Progressive muscle relaxation appeared the easiest to integrate into a smartphone application that patients could access and use to practice on their own. Therefore, I developed the RELAXaHEAD application to offer treatment to patients. We’ve studied it successfully in the neurology setting, emergency department, and primary care in patients with migraine or multiple sclerosis, and now insomnia. I recently received an NIH R01 award to do a Phase 3 clinical trial of PMR in primary care settings.

What about mindfulness?

Mindfulness is one of the emerging treatments being studied for migraine prevention. Traditionally, we were looking at a 50% reduction in headache days as the primary outcome in headache or migraine trials. So far, mindfulness hasn’t necessarily hit that outcome measure, but it is helping to improve migraine-related disability and quality of life, which are now considered clinically important outcomes.

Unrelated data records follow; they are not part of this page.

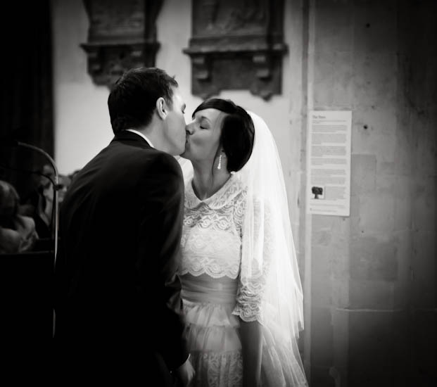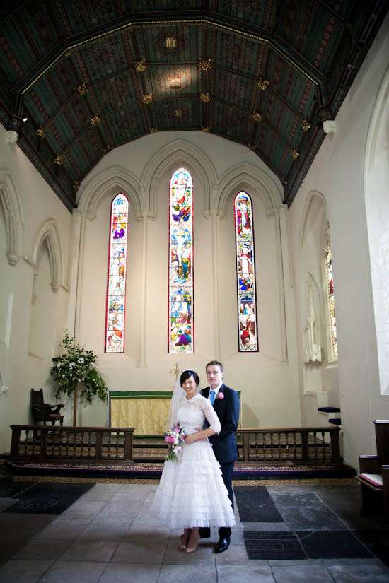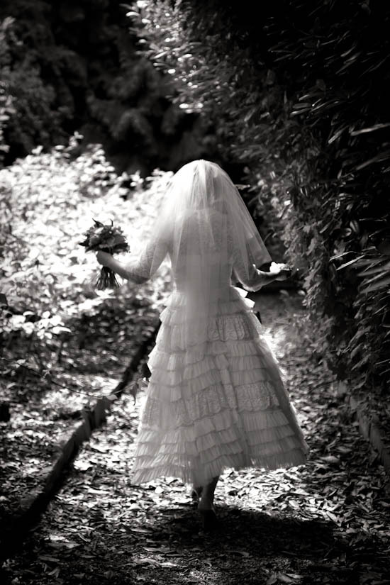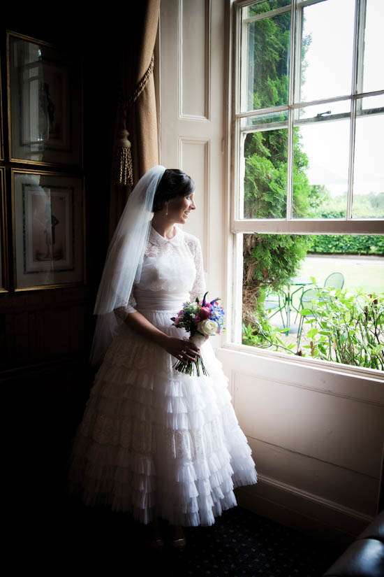 Jo wore a vintage wedding dress from 1954 which she bought from Elizabeth Avey in London. She also added vintage jewellery from Lovely & Vintage and Ted Baker shoes.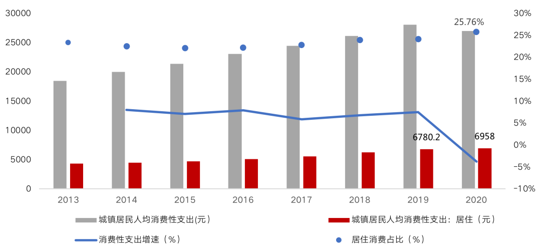 自中國經濟發展模式由投資驅動逐步轉為重視消費驅動以來,我國國民消費水平一直保持著穩定的增長速度。2020年,我國城鎮居民人均消費支出27007元,與2013年相比增長了46.08%,其中25.76%為居民居住性消費支出。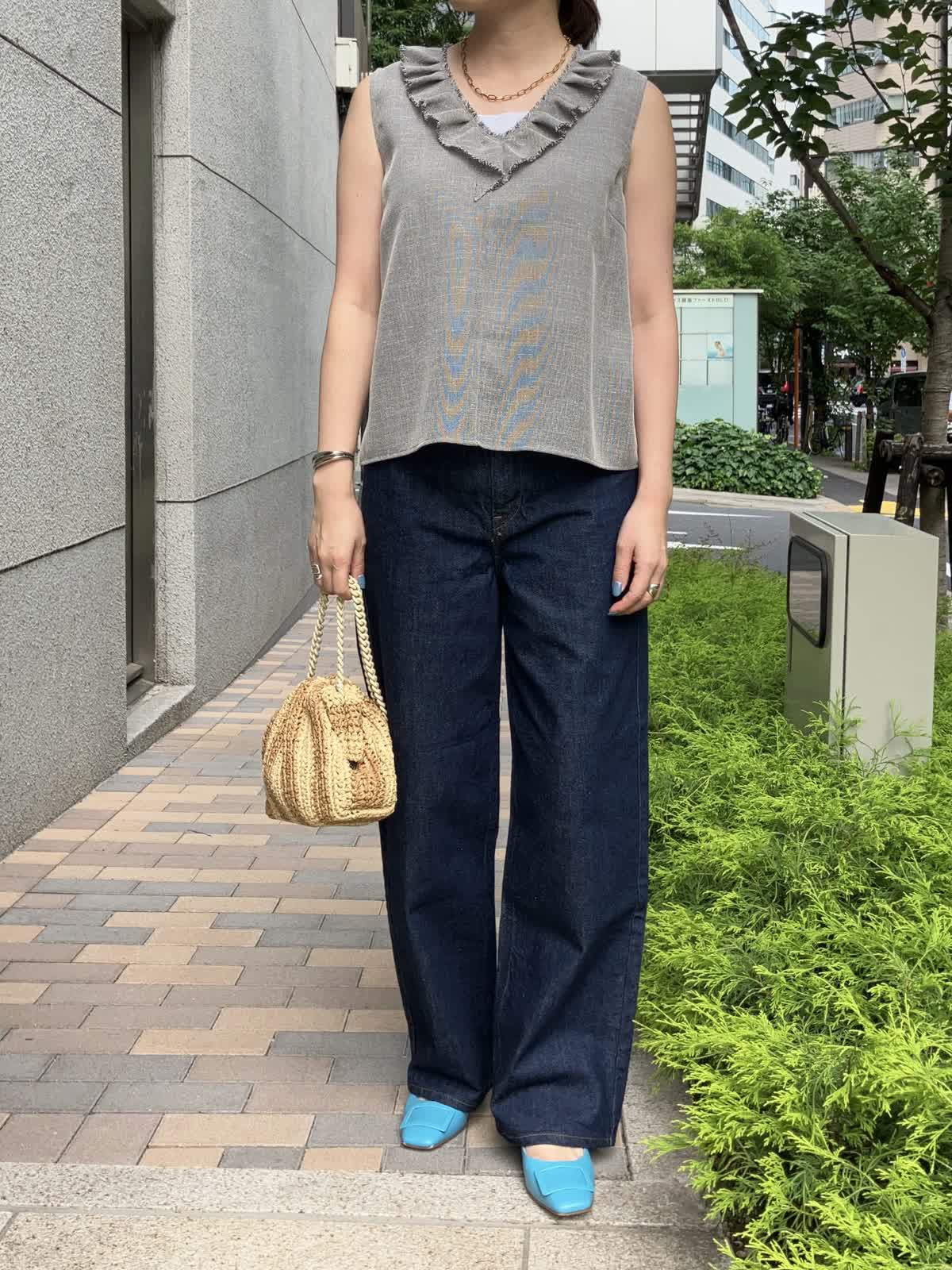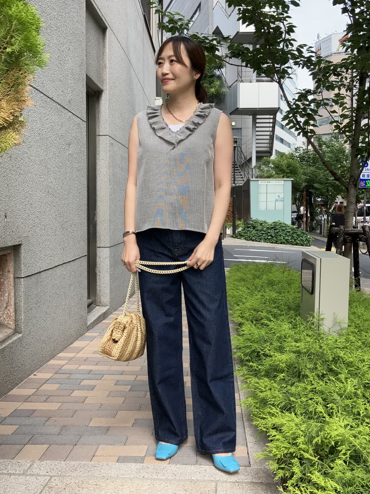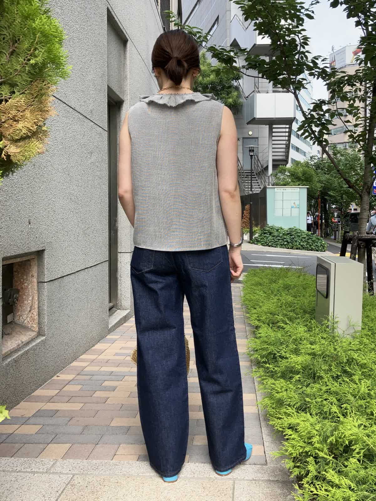【着用サイズ】全て9号【着用カラー】ブラウス:グレー カットソー:ホワイト パンツ:インディゴ 夏のおでかけの日におすすめのデニムコーデ。フリルブラウスはデニムに合わせることで甘さを抑え、デイリーに着ていただけます。タックアウトしたままでOKなのでコーディネートもラクラク。足元はサンダルやスニーカーにチェンジしても◎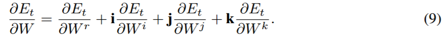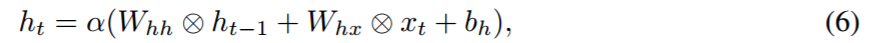 基于实值 RNN 的前向传播,QRNN 的前向方程扩展如下:

There is great research being done on mindfulness-based stress reduction [MBSR] and mindfulness-based cognitive therapies. It is exciting that MBSR is more accessible than one-on-one CBT for migraine. However, at this point, these are still emerging treatments, and there’s research that needs to be done.

As more individuals enroll in studies of behavioral therapies and wearables, how do you envision future behavioral research and treatment for migraine?

It’s a really exciting time in headache medicine, with many individuals enrolling in smartphone-based studies and studies with wearables. However, many are downloading applications or using wearables that have not been studied, and we don’t know their efficacy.

Therefore, I encourage patients to enroll in research studies; that way we can learn whether such interventions can be helpful. Over time, we can deliver progressive muscle relaxation, cognitive behavioral therapy, and biofeedback using mobile health technology.

Isabel Reyes is a research technician at the NYU Grossman School of Medicine.